PyTorch

4 minute read

Published: August 01, 2022

This lesson covers PyTorch Tutorial, https://pytorch.org/tutorials/beginner/basics/intro.html

Optimizing Model Parameters

topic = "pytorch"
lesson = 7

from n import *
home, models_path = get_project_dir("FashionMNIST")
print_(home)

/home/naneja/datasets/n/FashionMNIST

%matplotlib inline
import os
import pathlib
import matplotlib.pyplot as plt
import numpy as np
from tqdm import tqdm
import time

import torch
from torch import nn

from torchvision import datasets
from torchvision.transforms import ToTensor

from torch.utils.data import DataLoader

from IPython.display import display, HTML

training_data = datasets.FashionMNIST(root=home,
                                     train=True,
                                     download=True,
                                     transform=ToTensor())

test_data = datasets.FashionMNIST(root=home, 
                                  train=False,
                                  download=True,
                                  transform=ToTensor())

batch_size = 64

train_dataloader = DataLoader(training_data,
                              batch_size=batch_size,
                              shuffle=True)

test_dataloader = DataLoader(test_data,
                             batch_size=batch_size,
                             shuffle=True)

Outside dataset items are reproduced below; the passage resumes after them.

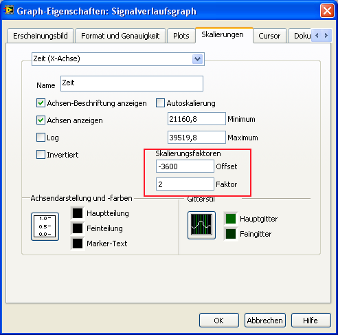 Der Eigenschaftsknoten ist etwas schwer zu finden: X-Achse / Offet und Faktor
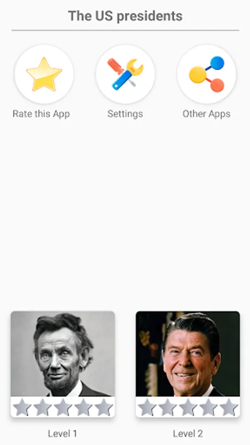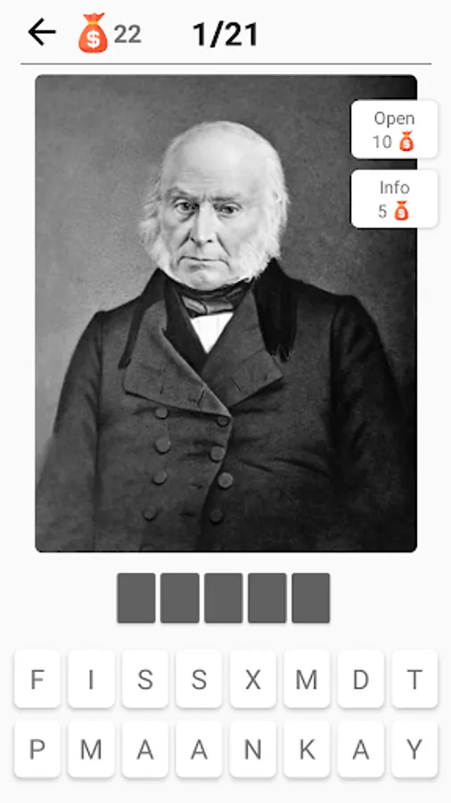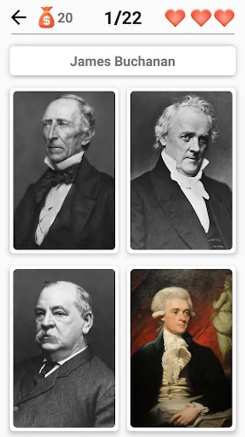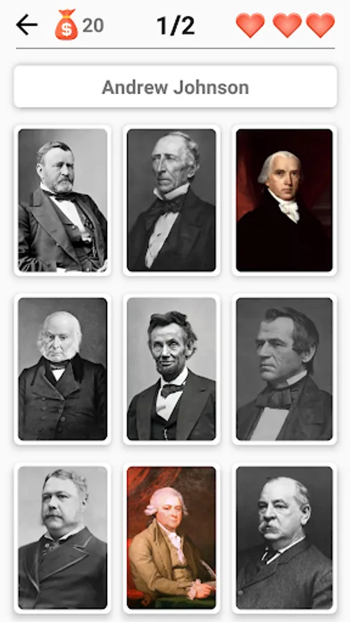 1) level 1: first 22 presidents. George Washington, Abraham Lincoln and John Adams. US Founding Fathers and key characters in American History.
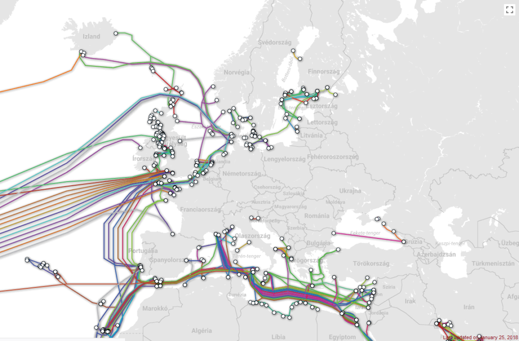 A TeleGeography térképén több mint 200 víz alatti kommunikációs kábel található, amelyek országokat, valamint kontinenseket kötnek össze. A teljes interaktív térkép ide kattintva nézhető meg, addig is lássuk, hogyan fest Európa:
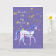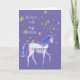 Unicórnio Branco Roxo com estrelas douradas e citação inspiradora: alcance as estrelas ou personalize com seu próprio texto
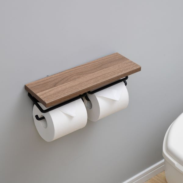 木目調の棚板が付いたトイレットペーパーホルダー♪小物を置ける天板付き★

class NeuralNetwork(nn.Module):
    def __init__(self):
        
        super(NeuralNetwork, self).__init__()
        
        self.flatten = nn.Flatten()
        
        self.linear_relu_stack = nn.Sequential(
            nn.Linear(28*28, 512),
            nn.ReLU(),
            nn.Linear(512, 512),
            nn.ReLU(),
            nn.Linear(512, 10),
        )

    def forward(self, x):
        x = self.flatten(x)
        logits = self.linear_relu_stack(x)
        return logits
    
model = NeuralNetwork()

Hyperparameters

adjustable parameters that let you control the model optimization process
Number of Epochs - the number times to iterate over the dataset
Batch Size - the number of data samples propagated through the network before the parameters are updated
Learning Rate - how much to update models parameters at each batch/epoch
- Smaller values yield slow learning speed, while large values may result in unpredictable behavior during training

learning_rate = 1e-3
batch_size = 64
epochs = 5

Optimization Loop

Once we set our hyperparameters, we can then train and optimize our model with an optimization loop.
Each iteration of the optimization loop is called an epoch
Each epoch consists of two main parts:
- The Train Loop - iterate over the training dataset and try to converge to optimal parameters.
- The Validation/Test Loop - iterate over the test dataset to check if model performance is improving.

Loss Function

When presented with some training data, our untrained network is likely not to give the correct answer
Loss function measures the degree of dissimilarity of obtained result to the target value, and it is the loss function that we want to minimize during training
To calculate the loss we make a prediction using the inputs of our given data sample and compare it against the true data label value
Common loss functions include
- nn.MSELoss (Mean Square Error) for regression tasks
- nn.NLLLoss (Negative Log Likelihood) for classification
- nn.CrossEntropyLoss combines nn.LogSoftmax and nn.NLLLoss
We pass our model’s output logits to nn.CrossEntropyLoss, which will normalize the logits and compute the prediction error

# Initialize the loss function
loss_fn = nn.CrossEntropyLoss()
print_("loss_fn", loss_fn)

loss_fn

CrossEntropyLoss()

Optimizer

adjusting model parameters to reduce model error in each training step
Stochastic Gradient Descent, ADAM and RMSProp
initialize the optimizer by registering the model’s parameters that need to be trained, and passing in the learning rate hyperparameter
In training loop:
- Call optimizer.zero_grad() to reset gradients of model parameters
  - Gradients by default add up
  - to prevent double-counting, we explicitly zero them at each iteration
- Backpropagate the prediction loss with a call to loss.backward()
  - PyTorch deposits the gradients of the loss w.r.t. each parameter
- Once we have our gradients, we call optimizer.step() to adjust the parameters by the gradients collected in the backward pass

optimizer = torch.optim.SGD(model.parameters(), 
                            lr=learning_rate)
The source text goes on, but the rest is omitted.